[Chicago] Best practices for this concurrent problem?

Martin Maney maney at two14.net
Tue Sep 15 05:38:55 CEST 2009


On Sun, Sep 13, 2009 at 01:51:02PM -0500, Daniel Griffin wrote:
> I have been playing with a program which essentially reads some elements
> from a database then starts a "thread" for each element, this can be a few
> elements or thousands. Inside that thread it does some processing then
> starts n sockets to do tasks. The life of the thread is generally a few
> seconds but can stretch up to hours or even days.
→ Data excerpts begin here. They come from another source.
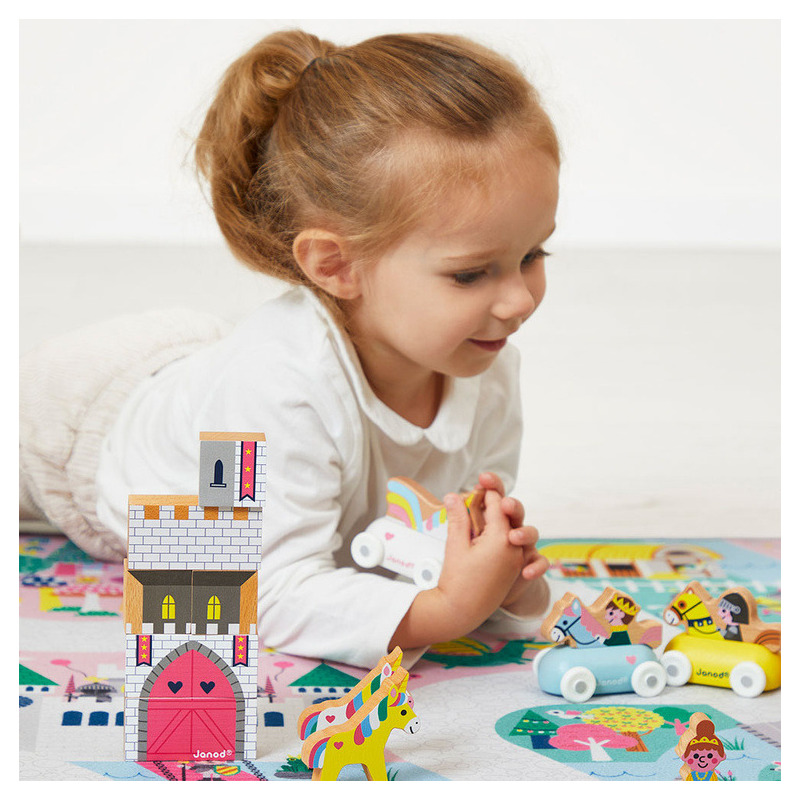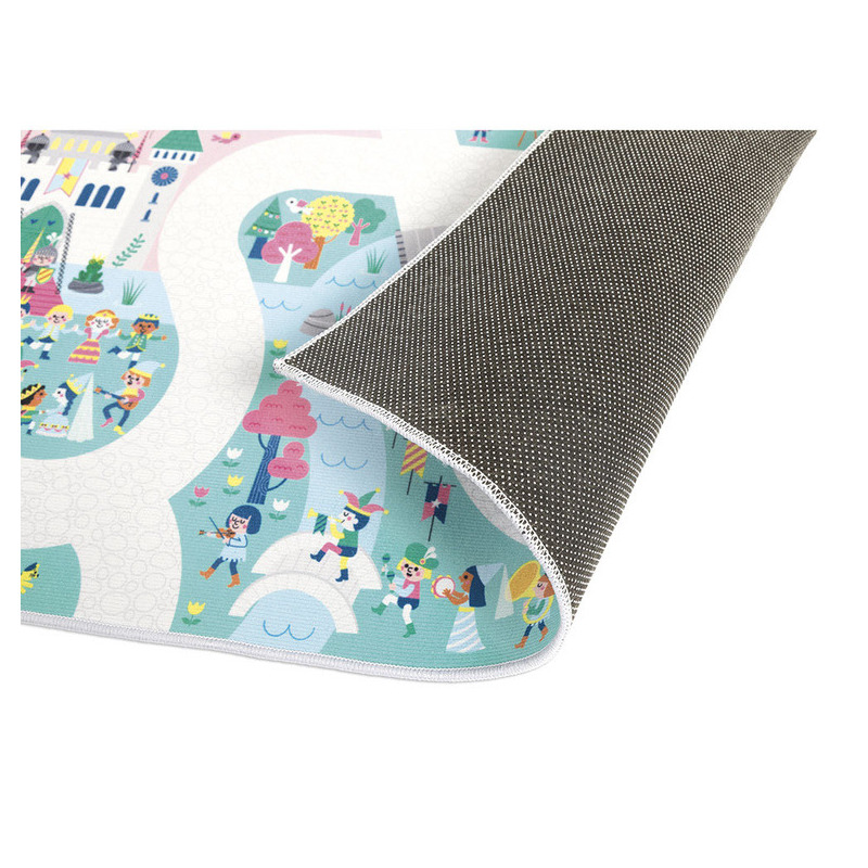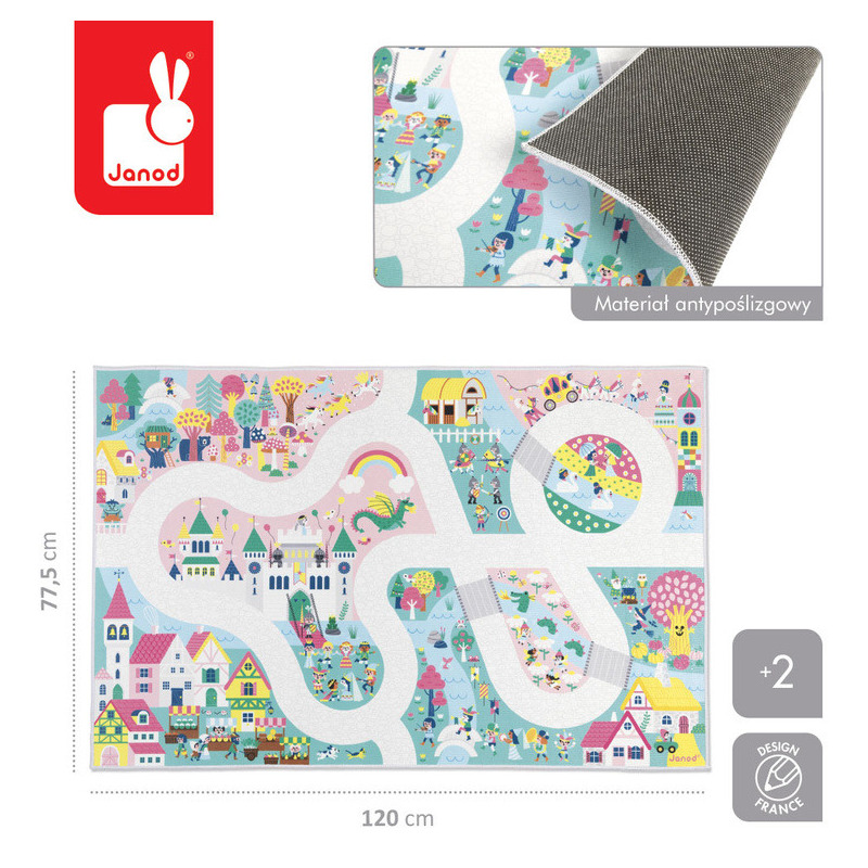 Mata-dywan do zabawy z drogą to idealny prezent dla dzieci już od 2. roku życia. Ma spore rozmiary 120 x 77,5 cm, jest przyjemna w dotyku oraz pozostaje na swoim miejscu, dzięki antypoślizgowej warstwie spodniej. Mata przedstawia bogaty w szczegóły świat bajek i baśni, w którym dziecko może za każdym razem odkrywać coś nowego. Znajdzie w nim różne postacie oraz charakterystyczne dla bajecznego świata miejsca m.in. królewski zamek, wieża czy ogród elfów, a wszystkie punkty łączy sieć dróg. Mata Zaczarowane królestwo zabierze najmłodszych w magiczną podróż pełną baśniowych motywów.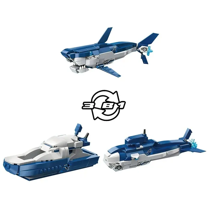 - Три модели в одном наборе: Ребенок может собрать грозную акулу, катер и кита, создавая свою собственную океанскую экосистему.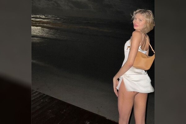 Модель Лена Перминова позировала в бельевом мини-платье без бюстгальтера. Образ дополнила коричневая сумка из кожи. Волосы она распустила и сделала легкий нюдовый макияж. Однако в кадре юбку поднял ветер и показал синяки на ягодицах модели.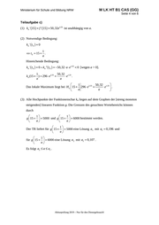 Ministerium für Schule und Bildung NRW M LK HT B1 CAS (GG) Seite 2 von 6 5. Zugelassene Hilfsmittel • CAS (Computer-Algebra-System) • Mathematische Formelsammlung • Wörterbuch zur deutschen Rechtschreibung 6. Modelllösungen Die jeweilige Modelllösung stellt eine mögliche Lösung bzw. Lösungsskizze dar. Der gewählte Lösungsansatz und -weg der Prüflinge muss nicht identisch mit dem der Modelllösung sein. Sachlich richtige Alternativen werden mit entsprechender Punktzahl bewertet (Bewertungsbogen: Zeile „Sachlich richtige Lösungsalternative zur Modelllösung“). Teilaufgabe a) (1) a = 296 . f ( 4 ) = 590 296e b ⋅4 = 590 b ≈ 0,172 . (2) f ( 6 ) ≈ 820,866 . Die Anzahl der Glasfaserhaushalte beträgt ungefähr 820 000 . f (6 ) 880 ≈ 0, 933 . Die Abweichung beträgt ungefähr 6,7 % . (3) Gesucht ist das Maximum der Ableitungsfunktion f ' für 0 ≤ t ≤ 15 . Der Taschenrechner liefert t = 15 . f ' (15 ) ≈ 644, 45 . Die Anzahl der Glasfaserhaushalte wächst im Modell für t = 15 am schnellsten, also am Ende der ersten fünfzehn Jahre mit einer Geschwindigkeit von ca. 640 000 Haus- halten pro Jahr. Abiturprüfung 2019 – Nur für den Dienstgebrauch!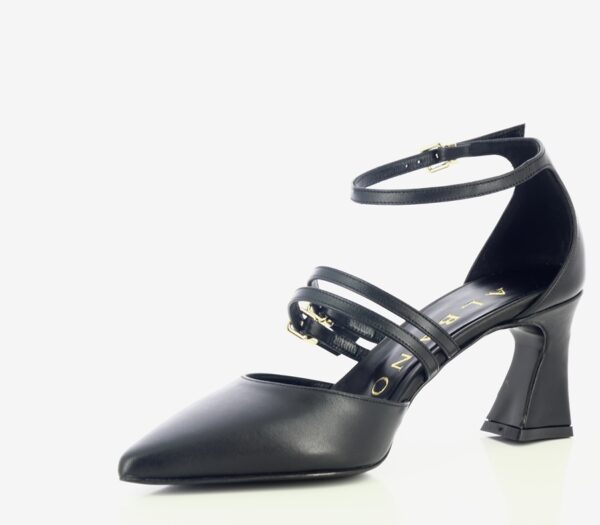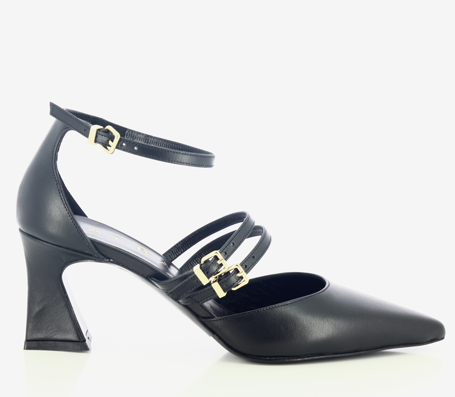 DETTAGLIO: Décolleté silhouette affusolata e doppio cinturino con fibbia sul collo del piede. Presenta un cinturino regolabile alla caviglia con fibbia e un tacco a clessidra. Design elegante per occasioni speciali.

> threads - GIL death when I spin up a ton of threads, I can limit how many
> threads I make but I know I am not getting anywhere near full utilization of
> the box.

Yes, native Python threads don't use multiple processors.  That's why
Tornado's setup was to run 4 instances of Torndao (on a quad core box)
behind nginx running to proxy the incoming requests to those worker
processes round robin.  Something like that is probably a reasonable
approach for Python.

> processes - I dont think its a good idea to make processes that are short
> lived, it seems too expensive. This is even worse on windows.

Linux's forking is very fast - in fact forking a new process and
starting a "real" thread are the same process with a few options set
differently IIRC.  OTOH, I believe Python's threading is the user-mode
sort, which should be even quicker to start, but with more limitations
(such as the often-complained about way Python's threading doesn't
scale to multiple cores).  Windows is, indeed, a whole different story,
and if the codebase has to be performant on both Linux and Windows you
may well need to provide different modes of operation.

> async - I would have to re-factor to make this work and havent tried yet.

Async is the state machine approach.  It can yield very good
performance, but its Achille's heel is that it doesn't deal well with
"long" computations even if they're rare (they cause latency for all
pending requests or an often painful refactoring to break the work into
small chunks).  That's the design choice twisted and Tornado make.

> summary - What is the best way to deal with (sometimes) large numbers of
> "threads" that do a small amount of processing and a large amount of socket
> io?

There is no best way, there are only a choice of design tradeoffs. 
>From where you are now, the simplest might be something like Tornado's
deployment model - run a fairly small number of threaded workers with a
work manager that dispatches tasks (data sets or queries or whatever
exactly they are) to these workers.  That should scale at least to
around one worker per core; maybe further if the thread bog-down is due
to internal overhead in Python's threading.

-- 
Beer does more than Pascal can to justify Date's ways to man.